Using the entries below, copy exactly each line from the line with "윤순구 외교부 차관보가" up to and including the line with "近日,廣東省藥監(jiān)", with every picture left out.

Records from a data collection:
+---+
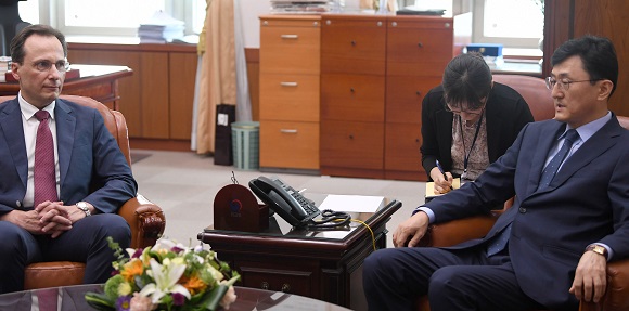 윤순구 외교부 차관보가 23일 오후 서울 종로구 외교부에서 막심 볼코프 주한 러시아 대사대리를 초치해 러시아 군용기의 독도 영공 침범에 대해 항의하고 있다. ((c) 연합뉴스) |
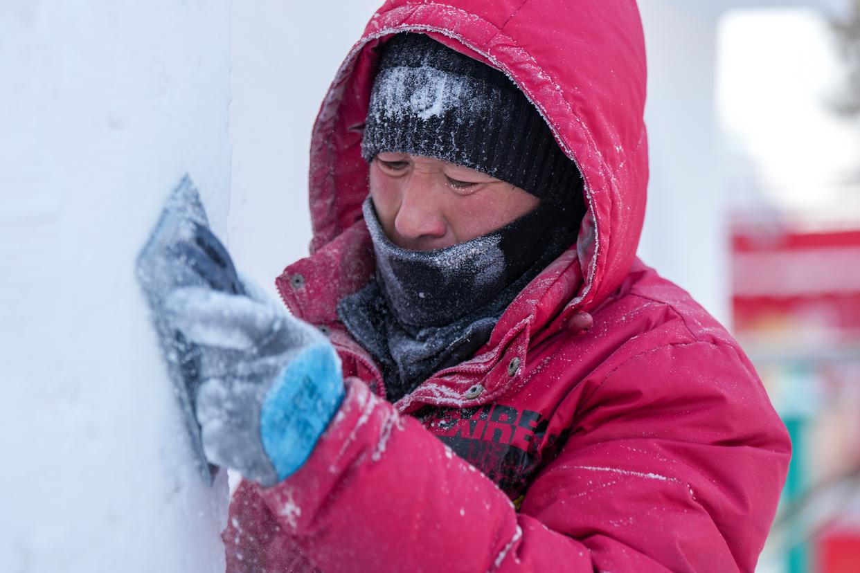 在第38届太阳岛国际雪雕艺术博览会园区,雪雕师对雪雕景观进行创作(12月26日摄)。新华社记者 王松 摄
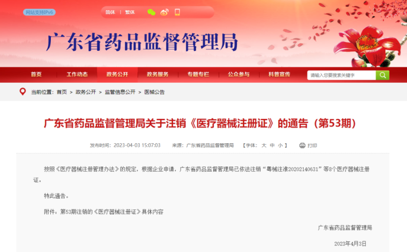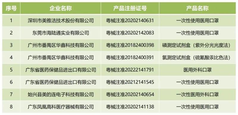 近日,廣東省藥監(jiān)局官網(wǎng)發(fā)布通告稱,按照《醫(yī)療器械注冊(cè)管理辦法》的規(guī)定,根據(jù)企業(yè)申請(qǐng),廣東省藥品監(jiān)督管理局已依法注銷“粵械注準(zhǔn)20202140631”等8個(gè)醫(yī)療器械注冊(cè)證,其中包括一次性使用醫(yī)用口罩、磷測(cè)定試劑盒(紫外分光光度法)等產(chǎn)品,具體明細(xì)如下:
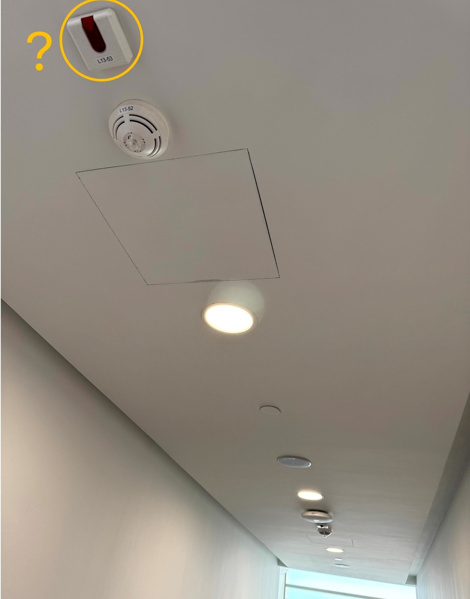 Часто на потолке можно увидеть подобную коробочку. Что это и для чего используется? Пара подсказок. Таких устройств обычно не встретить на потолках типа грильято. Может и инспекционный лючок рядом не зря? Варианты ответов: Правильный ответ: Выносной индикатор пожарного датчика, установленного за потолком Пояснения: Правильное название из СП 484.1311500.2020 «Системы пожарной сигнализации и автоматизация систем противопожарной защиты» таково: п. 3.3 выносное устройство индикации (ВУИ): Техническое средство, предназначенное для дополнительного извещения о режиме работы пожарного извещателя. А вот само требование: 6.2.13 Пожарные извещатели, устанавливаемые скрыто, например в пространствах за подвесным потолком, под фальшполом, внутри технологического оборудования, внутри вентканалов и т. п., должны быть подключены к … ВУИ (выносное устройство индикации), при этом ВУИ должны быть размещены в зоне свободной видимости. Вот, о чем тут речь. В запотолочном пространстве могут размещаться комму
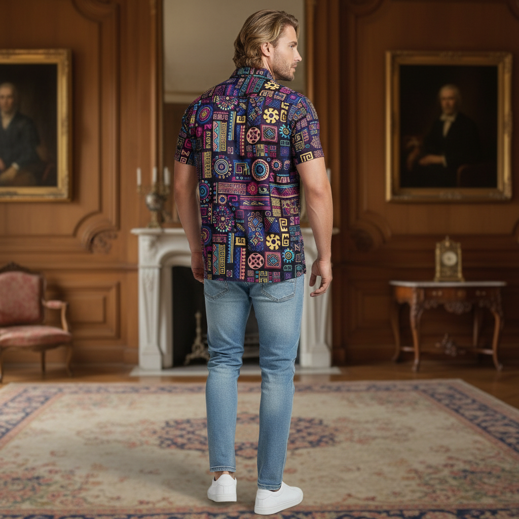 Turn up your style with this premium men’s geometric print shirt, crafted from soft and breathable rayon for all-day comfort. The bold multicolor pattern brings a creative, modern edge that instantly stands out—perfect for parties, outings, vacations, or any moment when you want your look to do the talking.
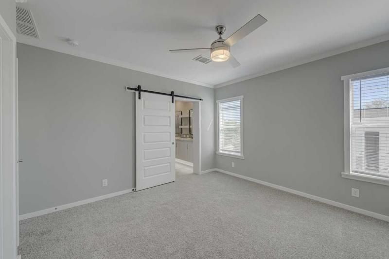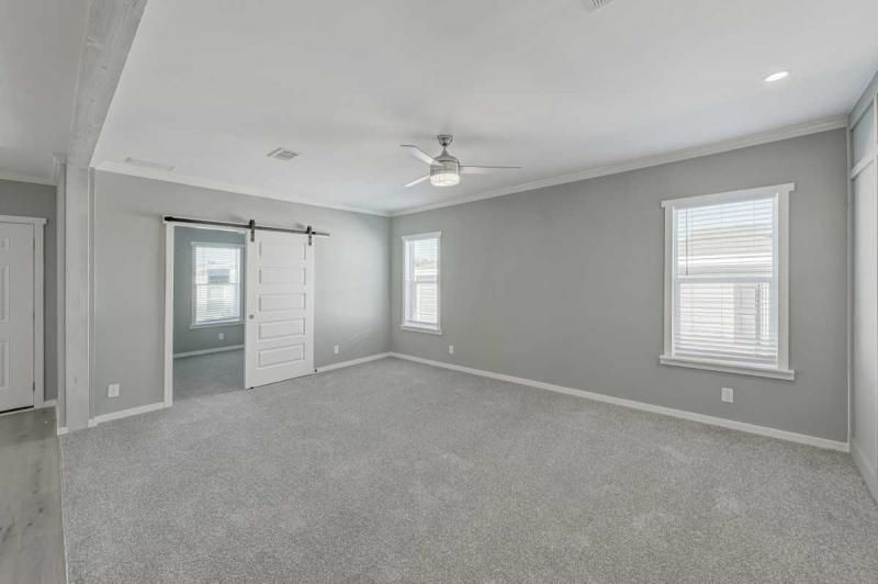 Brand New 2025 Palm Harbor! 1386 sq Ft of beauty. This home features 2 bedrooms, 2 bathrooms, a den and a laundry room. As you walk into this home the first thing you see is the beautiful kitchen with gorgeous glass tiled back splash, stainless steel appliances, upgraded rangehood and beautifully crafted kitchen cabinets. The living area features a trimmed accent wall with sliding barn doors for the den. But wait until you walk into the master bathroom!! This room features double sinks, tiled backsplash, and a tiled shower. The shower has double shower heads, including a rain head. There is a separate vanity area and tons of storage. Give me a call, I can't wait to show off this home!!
+---+
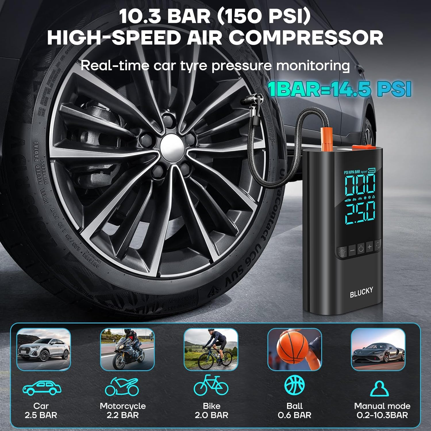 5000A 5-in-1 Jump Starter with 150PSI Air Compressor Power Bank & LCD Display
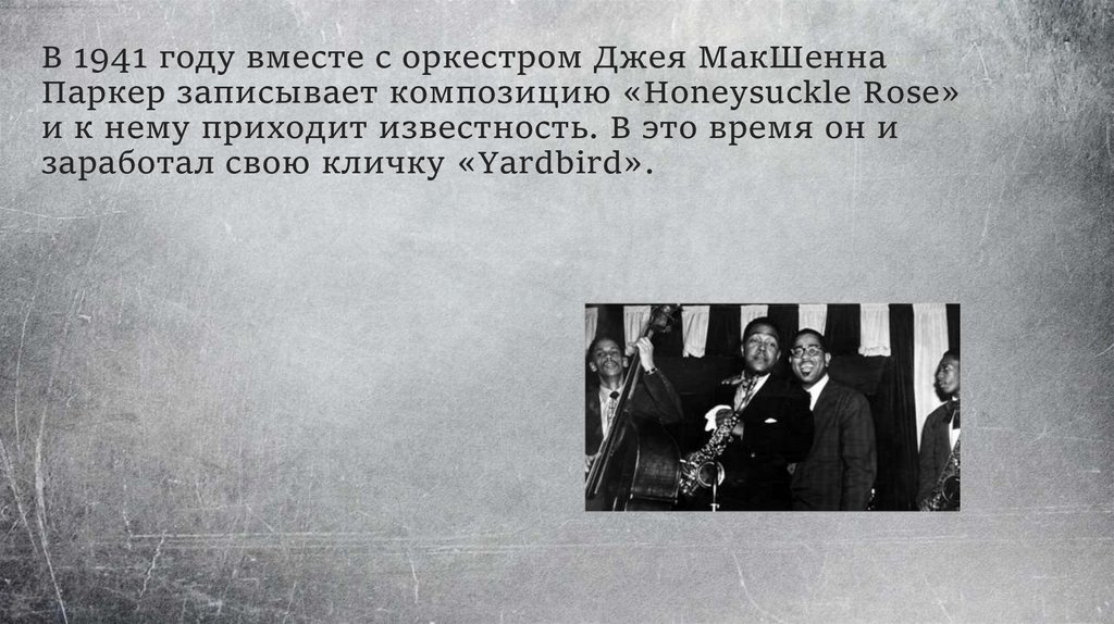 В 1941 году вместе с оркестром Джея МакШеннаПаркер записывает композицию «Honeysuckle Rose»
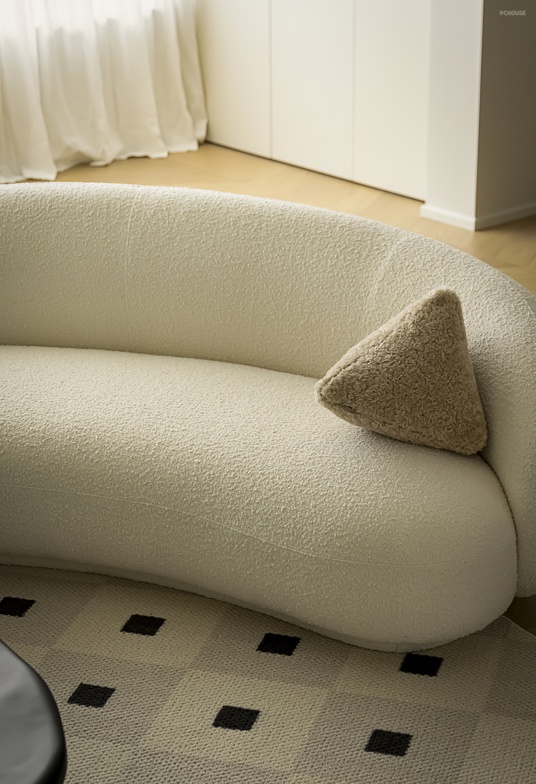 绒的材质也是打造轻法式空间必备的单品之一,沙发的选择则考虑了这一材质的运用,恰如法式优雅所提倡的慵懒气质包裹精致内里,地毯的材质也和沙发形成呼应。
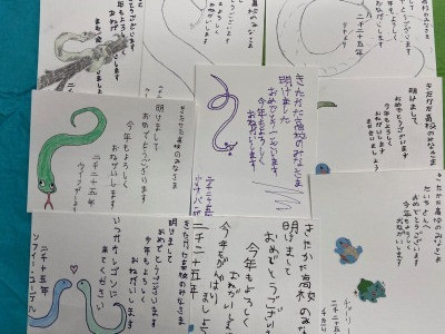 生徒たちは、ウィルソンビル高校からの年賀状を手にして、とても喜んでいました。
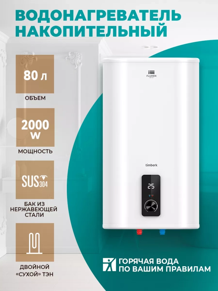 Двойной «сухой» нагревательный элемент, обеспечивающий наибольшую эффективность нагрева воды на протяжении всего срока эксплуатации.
+---+
• _Your response_
 윤순구 외교부 차관보가 23일 오후 서울 종로구 외교부에서 막심 볼코프 주한 러시아 대사대리를 초치해 러시아 군용기의 독도 영공 침범에 대해 항의하고 있다. ((c) 연합뉴스) |
 在第38届太阳岛国际雪雕艺术博览会园区,雪雕师对雪雕景观进行创作(12月26日摄)。新华社记者 王松 摄
 近日,廣東省藥監(jiān)局官網(wǎng)發(fā)布通告稱,按照《醫(yī)療器械注冊(cè)管理辦法》的規(guī)定,根據(jù)企業(yè)申請(qǐng),廣東省藥品監(jiān)督管理局已依法注銷“粵械注準(zhǔn)20202140631”等8個(gè)醫(yī)療器械注冊(cè)證,其中包括一次性使用醫(yī)用口罩、磷測(cè)定試劑盒(紫外分光光度法)等產(chǎn)品,具體明細(xì)如下:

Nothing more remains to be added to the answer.